Based on what we have seen and heard in the last few weeks, the Mitch McConnell-Alison Lundergan Grimes race for the U. S. Senate in 2014 will be a humdinger.

It also promises to be the most expensive statewide campaign in Kentucky history with some estimates in the range of $40 million.

McConnell spent $20 million to keep his seat for a fifth term in 2008. He already has raised $15 million for 2014 and the primary still is nine months away.

Grimes has barely started to raise money and an effort to convince county clerks to donate to her campaign misfired badly last week when the state’s Republican clerks complained.

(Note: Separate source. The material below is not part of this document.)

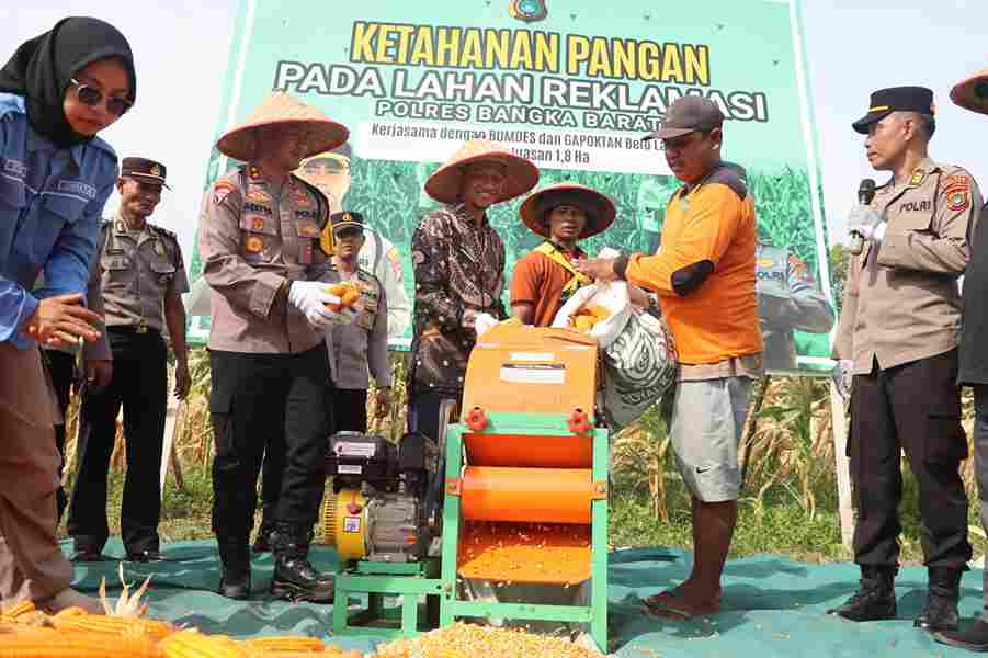 BANGKA BARAT – Polres Bangka Barat memanen jagung yang ditanam di lahan reklamasi di lingkungan Mapolres. Kegiatan ini menjadi bagian dari dukungan kepolisian terhadap program ketahanan pangan nasional sekaligus bentuk optimalisasi lahan yang sebelumnya tidak produktif.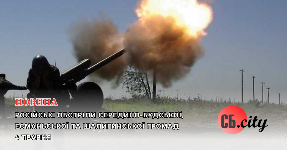Відповідно до ранкового звіту Оперативного командування “Північ”, протягом 4 травня російські війська здійснили 59 обстрілів 13 населених пунктів Шосткинського району, використовуючи різноманітне озброєння. Під ударами опинилися Середино-Будська, Есманьська та Шалигинська громади, які зазнали атак з використанням FPV-дронів, артилерії, безпілотників та мінометів.

She also has been criticized for a less-than-spectacular announcement event on a sweltering Frankfort day in a building without air conditioning.

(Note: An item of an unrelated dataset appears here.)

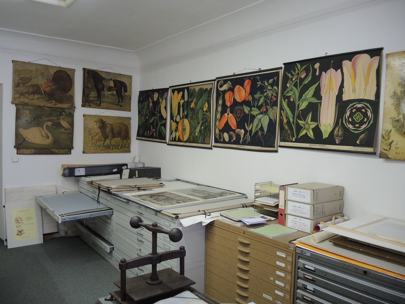 Jenewein Felix: Karel IV., školní obraz, konec 19. stol. (52,3 x 75,7 cm). Drahoňovský Josef: Jan Amos Komenský odkazující svůj Kšaft národu, keramika patinovaná, 1913 (výška: 52 cm, sokl 31 x 33 cm). Gareis Antonín Jan: ilustrace k románu Boženy Němcové Babička, prémie k „Humoristickým listům“ na rok 1866, xylografie (52 x 64 cm). Lindner Gustav Adolf: Počítání v obrazech – číslice 2, školní obraz, 1875 (40 x 57 cm). Kašpar Adolf: Poprava českých pánů na Staroměstském náměstí v r. 1621, školní obraz (95,5 x 63,5 cm). Schuler Théophile: Učitelův svátek; mědirytina, konec 19. stol. (18 x 14 cm). Morstadt Vincenc: Pražský most, mědirytina, konec 19. stol. (23,6 x 17,4 cm). Svolinský Karel/Švengsbír Jiří: 600. výročí založení Karlovy univerzity–Karel IV., poštovní známka s pravým kupónem, 1948 (5,8 x 3,3 cm). Švengsbír Jiří: 300 let – Opera didactica omnia, poštovní známka, ocelotisk, 1957 (3,3 x 1,6 cm). Born Adolf: Bruslařská škola v Naardenu, litografie barevná, 1995 (90 x 77 cm). Born Adolf: Rembrandt portrétuje Komenského, litografie barevná, konec 20. stol., (68,5 x 61,5 cm). Anonym: Přijímání žáka do školy, olej na plátně, kolem 1820 (55 x 69 cm). Nedbal Václav: Komenský Jan Amos v pracovně, olej na plátně, 1911 (120 x 160 cm). Mysliveček J. Václav: Ve třídě, olej na plátně, 1868 (56,5 x 46 cm). Kitzberger Igor: Jan Amos Komenský, bronz, reliéfní portrét na mramorovém soklu, 2009 (celk. výška – 50 cm). odznak pamětní: Národní slavnost a otevření školy v Horšovském Týně 1923, hliník (max. šířka: 2,4 cm, max.výška: 3,2 cm). Pícha L.: Domek Na sboru v Kunvaldu, plaketa pamětní, žlutý kov, 1957 (prům.–7 cm). Pícha L.: Domek Na sboru v Kunvaldu, plaketa pamětní, žlutý kov, 1957 (prům.–7cm). anonym: Obrázky pro elementární výuku – Zemědělství, litografie, nakladatel Trensentsky M., Vídeň, kol. 1840 ( 53,8 x 43,4 cm). anonym: Obrazy k názornému vyučování – Řemesla, litografie, nakladatel F. Tempsky, okolo r. 1900 (dvoulist 33,8 x 43,5 cm). anonym: Obrazy k názornému vyučování – Ptáci, litografie, nakladatel F. Tempsky, okolo r. 1900 (dvoulist 33,8 x 43,5 cm). Hey Paul: O Červené Karkulce, školní obraz, okolo r. 1900 (102 x 70 cm). anonym: O Budulínkovi, školní obraz, nakladatel Unger Josef, 1934 (70 x100,5 cm). Amerling Karel Slavoj/Liebisch František: Život v přírodě v jednotlivých měsících, školní obraz, 50. – 60. léta 19. stol. (36,4 x 27 cm). Kempter H.: Jaro–Při potoku, školní obraz, nakladatel Janský Karel, Tábor (64 x 89 cm). Kempter H.: Zima–Při potoku, školní obraz, nakladatel Janský Karel, Tábor (64 x 91,2 cm). Kunzfeld A.: Byt, školní obraz, nakladatel Hölzel Eduard, Vídeň, Olomouc, 2. polovina 19. stol. (138 x 93 cm). Hey Paul: Léto–V zahradě, školní obraz, nakladatel C. C. Meinhold & Söhne v Drážďanech, poč. 20. stol. (69 x 89,5 cm). Minařík Jan: Komenského desatero k šťastnému životu, školní obraz, 1. třetina 20. stol. (67,5 x 51,5 cm). Lauda Richard: Dobývání cukrovky na Podřipsku, školní obraz, 1929 (95 x 64 cm). Polášek Viktor: Ve škole XVIII. století, školní obraz, 1951 (86 x 60,5 cm). Kočí Josef: Kupecký krám, školní obraz, 1931 (95 x 63,3 cm). Týml J.: Ze světa do světa, školní obraz, 1940 (89,5 x 63 cm). Pospíšil Antonín: Osobní nádraží, školní obraz, 30. léta 20. stol. (100 x 70,5 cm). Kopsa Jan, učitel: Abeceda – písmeno ž, školní obraz, 1930 (33,8 x 24,5 cm). anonym: písmeno o, O, školní obraz, konec 19. stol. (42,5 x 59,8 cm). Baumbruck Jaroslav: Živá abeceda–písmeno p, P, školní obraz, 1953 (69,8 x 49,7cm). anonym: Obrázkové tabule k vyučování počtů s číslem 4, školní tabulka, okolo r. 1900,nakladatel Janský Karel, Tábor (65 x 49,5 cm). Jenewein Felix: Marie Terezie, školní obraz, konec 19. stol. (55,3 x 73,9 cm). Senft A.: Čech se svou družinou na Řípu, školní obraz, nákladem Leop. Doležala, řídícího učitele, 1. pol. 20. stol. (81,7 x 60,6 cm). Hetteš Josef Ferdinand: Rostislav vítá sv. věrozvěsty na Moravu, školní obraz, 1. pol. 20. stol. (83 x 60,5 cm). Mucha Alfons: Zavedení slovanské liturgie, školní obraz, 1. pol. 20. stol. (94,7 x 63,2 cm). Boháč Emanuel: Bitva na Bílé Hoře dne 8. listopadu 1620, školní obraz, 1928 (78,5 x 62 cm). Stříbrný Vladimír: Komenský se loučí s vlastí, školní obraz, 1924 (93 x 61,5 cm). Brožík Václav: Mistr Jan Hus před koncilem kostnickým, školní obraz, 1948 (100 x 62,5 cm). Špillar Karel: Padlým hrdinům, školní obraz, 1919 (74,5 x 56 cm). Čutta Václav: První president Československé republiky T. G. Masaryk vítán 21. prosince 1918 v Horním Dvořišti, školní obraz, 1. třetina 20. stol. (77,5 x 57,5 cm). Cihelka Oldřich: Dráha dějin (sestavil Eduard Štorch), školní obraz, 1937 (129 x 98,3 cm). Matoušek František: Dobytí Bastily 14. července 1789, školní obraz, 1955 (59,5 x 84 cm). Čembers V.: Shromáždění šlechty za Kateřiny II., školní obraz, 1. třetina 20. stol. (87,5 x 66 cm). Melicharová Hermína: Výstava Jan Amos Komenský, plakát, 1957 (116 x 83 cm). Uložení Historické podsbírky – fond školních obrazů. Uložení Historické podsbírky – fond školních obrazů. Uložení Historické podsbírky – fond školních obrazů.

And she did it with no other Democratic officeholders, such as Gov. Steve Beshear, standing there as cheerleaders.

And, to some, the worst miscue was that she only had a very modest campaign website online at the time.

Then she literally disappeared from public view for a few days to organize her campaign staff and get ready for a formal announcement of her intention to send McConnell back to Louisville after 30 years in Washington.

The senator also drew some negatives as the Washington press corps claimed he was not a key player in the compromise agreement which averted a showdown over the filibuster rule requiring 60 votes to shut off debate on the Senate floor.

Both McConnell and Grimes say they will participate in the annual Fancy Farm political picnic on Saturday, Aug. 3, in far Western Kentucky.

Based on what the two have said to and about each other at this early stage of the campaign, Fancy Farm should be a donnybrook.

We can expect each candidate to have signs and vocal supporters who will cheer their choice while heckling their opponent.

It is political theatre at its best and KET has announced it will televise the fracas live across the state.

In our view, the Senate race will be a hard fought, even nasty contest pitting the bare knuckle, big money tactics of McConnell against the organizational skills and personal charm of Grimes, a relative newcomer to statewide politics holding office for the first time.

Democrats see the race as a rare opportunity to unseat McConnell, whose opinion poll numbers are down in Kentucky.

But students of political history know that the wily McConnell has a history of surviving tough races.